We further assessed the sensitivity of Φcol in distinguishing healthy and diseased tissue quality. As our study design required the testing of fresh specimens harvested from orthopaedic surgeries, we were unable to arrange for ICRS grading of our samples. Since QP has been shown to be a potent surrogate measure of the ICRS grades (ρ = 0.86 as in Hadjab et al. [18]), we divided our data into three groups based on the measured QP, which corresponded to ICRS grades 0–2 [18, 57]. Our results suggest that Φcol was as sensitive as Einst in classifying the tissue into different quality grades with prediction accuracy of > 90% (AUC > 0.90, see Methods for definition). We note that not every quantitative measure derived from SHG imaging was as good as Φcol. The CVSHG, which was found to be related to OA development in small animal models [28], only showed moderate prediction accuracy of 70–87% in our human tissues. The predictive performance of other variables, such as cell viability and tissue thickness [8, 15], was equivalent to random guessing (Table 2, Fig. 4).

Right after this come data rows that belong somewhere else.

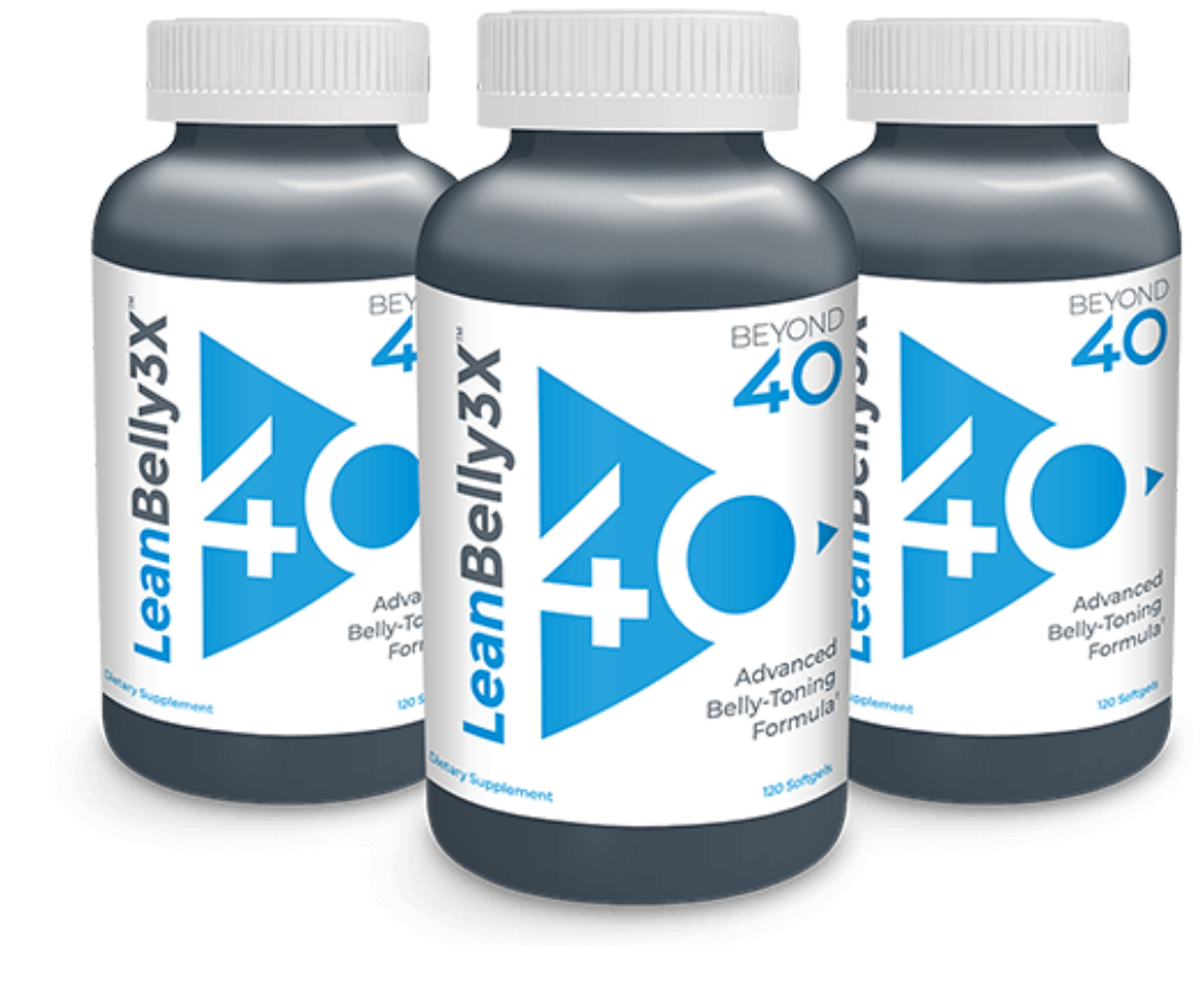
Beyond 40 Lean Belly 3X Ingredients

Beyond 40 Lean Belly is an advanced formula for melting fat from the body. This supplement helps to support improvement in health and also works in the activity of the metabolic system. Beyond 40 Lean Belly Ingredients works on storing fat, it is effective to remove extra calories and fat from the body. Lean Belly 3XTM is created by Beyond 40.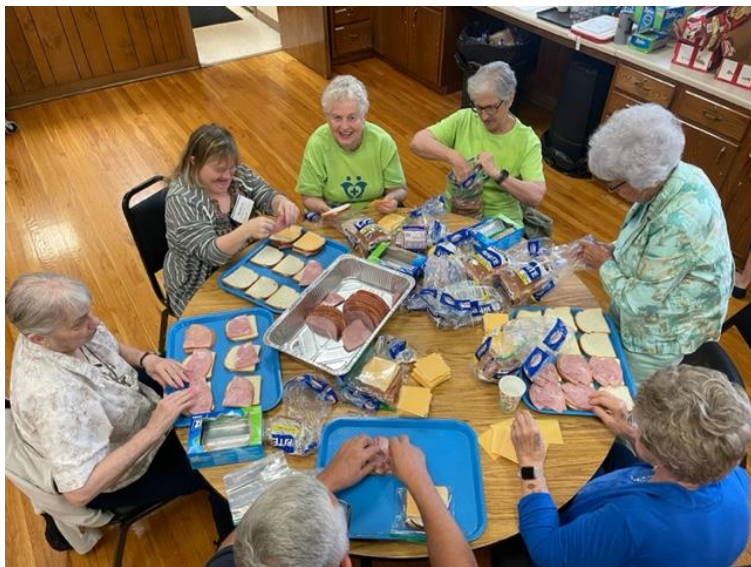
Open Table sack lunch packing (July, 2023)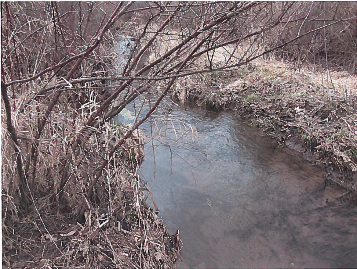
Photo 39: Stream S019, an UNT to Middle Branch Nimishillen Creek, view north.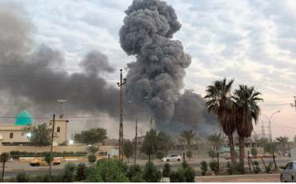
An explosion at a military base in Baghdad.

The Israeli attack last month was one of several recent attacks on weapons storage facilities controlled by Iraqi militias with ties to Iran. It was not clear who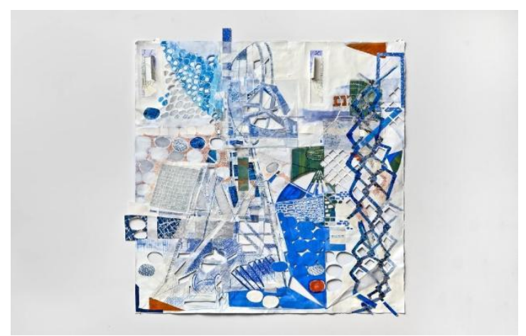
Balancing Act 1, 2013 - Colored pencil, paint, ink and collage - 44" x 42"

FRAN SIEGEL at Lesley Heller Workspace through December 01,2013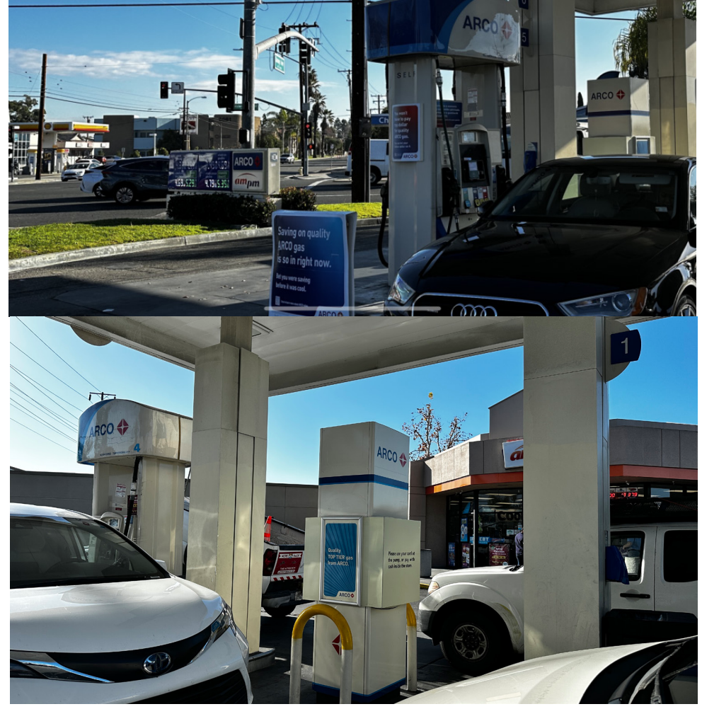
The gas station, Arco is the most visited gas station next to Cypress High School and their gas prices are around $4.79.

Hopefully, the gas prices drop next year because the drivers in Cypress are having a hard time providing for both gas and their necessities.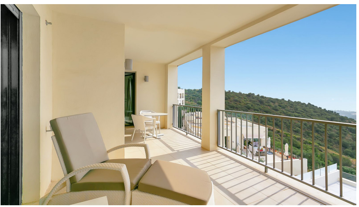
Altos de los Monteros

There are limitations to this study that should be considered when interpreting the results and drawing conclusions. Firstly, the cell viability reported here represents the volume percentage of live cells relative to all (live and dead) cells, rather than the conventional method that counts the number of live/dead cells. Also, only the volume of the dead cell nuclei was accounted for. The current quantification method was used as it was hard to perform cell counting since the boundary of the abnormal cells with multiple cytoplasmic projections was hard to define [2]. This may cause overestimation of the cell viability compared to conventional methods based on cell counting. Since it was applied systematically to all data, it should still correlate with electromechanical variables, if such a relationship indeed exists. Secondly, only human tibial plateaus were investigated here. Since it is known that cartilage material properties and cartilage degradation depend on the location within the joint [57], future studies should focus on determining whether the current findings can be extrapolated to other regions of the knee, such as the femoral condyles, the femoral groove, and the retro patellar surface. Thirdly, the tissue regions were graded based on the measured QP rather than based on evaluation by experienced orthopaedic surgeons. We believe that the tissue grading used here (i.e. groups 0–2) is acceptable due to the excellent agreement between QP scores and the standard ICRS grading [18, 57]. Fourthly, the Φcol was only measured using a single excitation wavelength of 800 nm. The dependence of Φcol on other SHG excitation wavelengths was not studied. Finally, we only assessed the Φcol for conditions where the direction of the laser beam was perpendicular to the articular surface. Considering the narrow joint space available for in vivo arthroscopic assessment, it may be challenging to always perform perpendicular beam-surface alignment and for all locations in an intact human knee. Therefore, the sensitivity of Φcol to beam-surface alignment should be investigated further. In addition, future studies should investigate the relationship between the Φcol and the cellular properties, such as the shape [2], population density [26], metabolic activities [7], and membrane morphology [37, 40]. Such studies may improve our understanding of in situ cell mechanobiology.

Conclusion

In summary, we present a simple, objective, yet effective image-based approach for the assessment of cartilage functional properties, cartilage health and quality. The imaging derived parameter Φcol provides an additional structural index for cartilage and is shown to correlate strongly with tissue stiffness and streaming potential-based measures, thereby showing great promise for translation into clinical settings for human joint health assessment in the near future. Nevertheless, additional investigations are warranted to evaluate the efficiency of Φcol under different and clinically relevant testing conditions. We hope that the current findings can stimulate the orthopaedic field to further explore the potential of using multiphoton laser imaging for early OA detection in the human knee.